There is other evidence to show this wretched role the Blockleiter played. In the Party Organization Book the Blockleiter is directed that:

"It is his duty to find people disseminating damaging rumors and to report them to the Ortsgruppe so that they may be reported to the respective State authorities" (1893-PS, USA-323).

We see him spying again when we review the evidence of the part played by Political Leaders in the persecution of the Churches. In co-operation with the Gestapo and the SD the Political Leaders, from the highest to the lowest, took active part in suppressing the influence of the Churches.

Your Lordship, I think I can omit the rest of Page 17 and the first 8 lines of Page 18, which deals with Bormann's decree, which is well known to the Tribunal, and I can go on at the words on Page 18.

How can we doubt that it was the generally accepted policy of all Political Leaders when, whatever Hitler may have said in the Party Program about a "positive Christianity," Bormann was writing to the Gauleiter in 1941 after his notorious denunciation of Christianity:

"National Socialist and Christian concepts are irreconcilable."

Gauleiter Kaufmann was at pains to explain that that directive had been withdrawn a week later.
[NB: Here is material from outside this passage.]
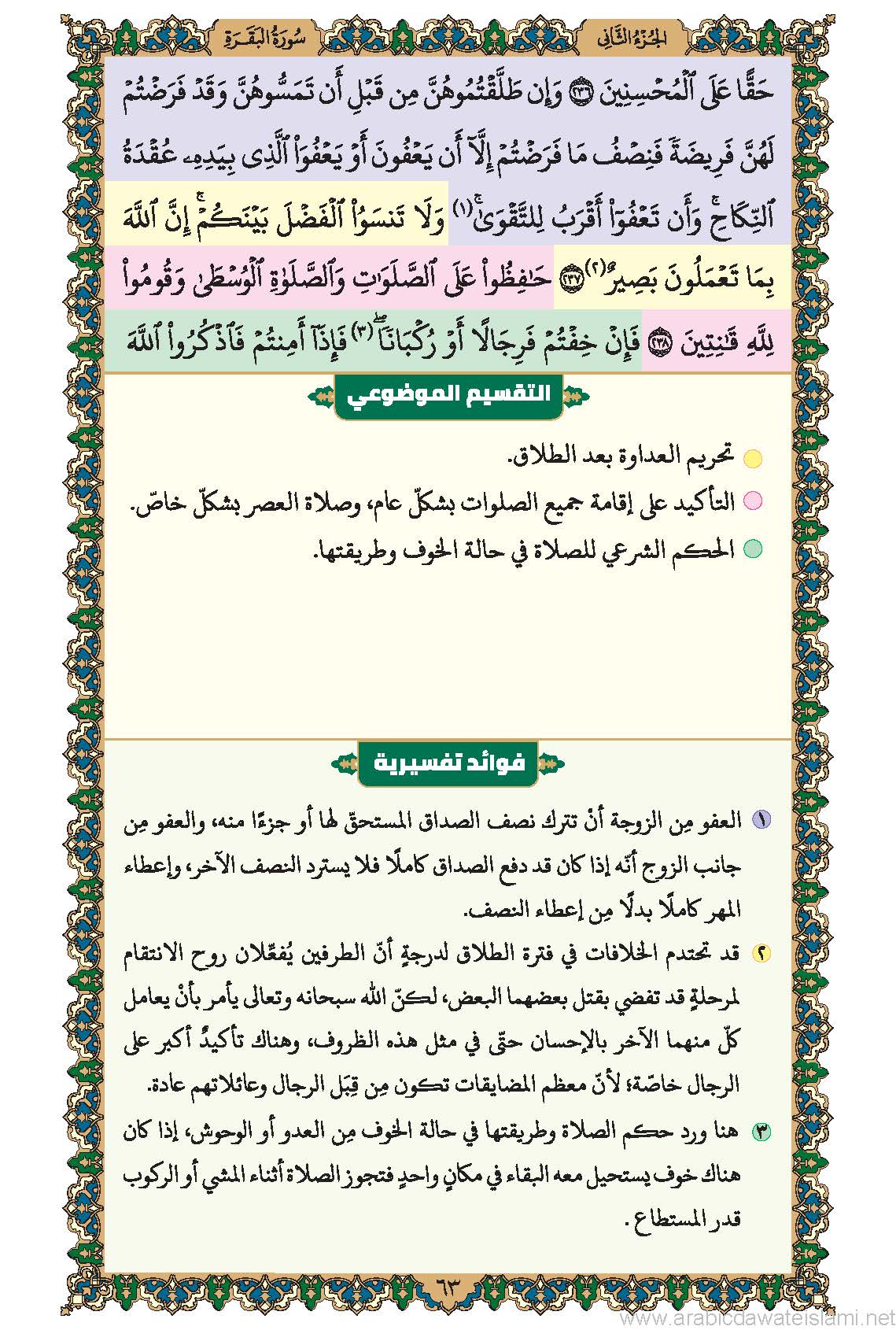 حاشية إفهام القرآن مع التقسيم الموضوعي والفوائد التفسيريّة (سورة الفاتحة وسورة البقرة)

But there is no mention of such withdrawal in the letter from the SD concerning it, written 6 months later in December 1941. And you may think that it is remarkably similar to the policy of the Fuehrer's Deputy Hess, as it was explained to Rosenberg 2 months earlier in April 1941:

"We are inducing schools more and more to reduce and abolish religious morning services. Similarly the confessional and general prayers in several parts of the Reich have already been replaced by National Socialist mottoes."

There is abundant other evidence of the policy being pursued by the higher ranks of the Political Leaders in regard to the Church, with which I need not worry the Tribunal.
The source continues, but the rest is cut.